Thanks for the tip. I was talking about the diff tools normally found
in Linux. But my point was that while it is an easier problem to
solve for text than for graphics, it isn't always well done for text
and I hope I can get good results for graphics.
For graphics or other binary files, you are entirely dependent on
external programs. I know that Altium Designer has support for
subversion, and can show differences between schematic versions quite
well. And LibreOffice can be used to show differences between
documents. But for many types of graphics there is no good way to show
a difference.

For Linux, you can use RabbitSVN as a plug-in to Nautilus in much the
same way as TortoiseSVN in Windows, and Meld as a good gui for comparing
text files.
 
On Wed, 16 Jan 2013 08:30:49 -0800 (PST)
Andy <jonesandy@comcast.net> wrote:

On Jan 16, 6:30 am, David Brown <da...@westcontrol.removethisbit.com
wrote:
For Linux, you can use RabbitSVN as a plug-in to Nautilus in much the
same way as TortoiseSVN in Windows, and Meld as a good gui for comparing
text files.

Thanks for the pointers on linux tools. Did you mean "RabbitVCS"?

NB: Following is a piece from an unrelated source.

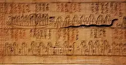 Rê étant considéré comme le dieu du soleil, entre autres, lorsque le soleil disparaissait chaque soir à l'horizon, le dieu Rê changeait de moyen de transport pour adopter une barque sacrée et traverser le Nil souterrain. Au cours de ce périple, Rê traversait les douze portes correspondant aux douze heures de la nuit (de 5 h du soir à 5 h du matin) dans le monde souterrain, la Douât, et devait déjouer les pièges des forces du chaos tentant de renverser à tous moments la barque du dieu du soleil. Il est aidé en cela par le dieu Seth qui, se tenant à la proue de la barque solaire, lance ses traits sur Apophis. Ce périple avait pour but la renaissance du dieu Rê chaque matin ramenant ainsi la lumière aux habitants du « monde d'en haut ». Cette renaissance de Rê, représentée par le lever du soleil, était considérée également comme la renaissance du monde et le signe que le dieu Rê avait triomphé des forces du chaos durant son périple.

RabbitVCS looks promising, but it is still version 0.15.1 (maybe a
little immature yet for professional use, e.g. something we would
deploy and recommend to the development teams).

Meld looks really good, and appears a little more mature.

Andy
Rabbit's definitely a bit immature if you want to compare it to
Tortoise. I find I still do half of my SVN management from the command
line rather than using it; thinks like copying and status checking.

I use meld as my visual diff tool, and it's absolutely great.

--
Rob Gaddi, Highland Technology -- www.highlandtechnology.com
Email address domain is currently out of order. See above to fix.
 
On Jan 16, 6:30 am, David Brown <da...@westcontrol.removethisbit.com>
wrote:
For Linux, you can use RabbitSVN as a plug-in to Nautilus in much the
same way as TortoiseSVN in Windows, and Meld as a good gui for comparing
text files.
Thanks for the pointers on linux tools. Did you mean "RabbitVCS"?

RabbitVCS looks promising, but it is still version 0.15.1 (maybe a
little immature yet for professional use, e.g. something we would
deploy and recommend to the development teams).

Meld looks really good, and appears a little more mature.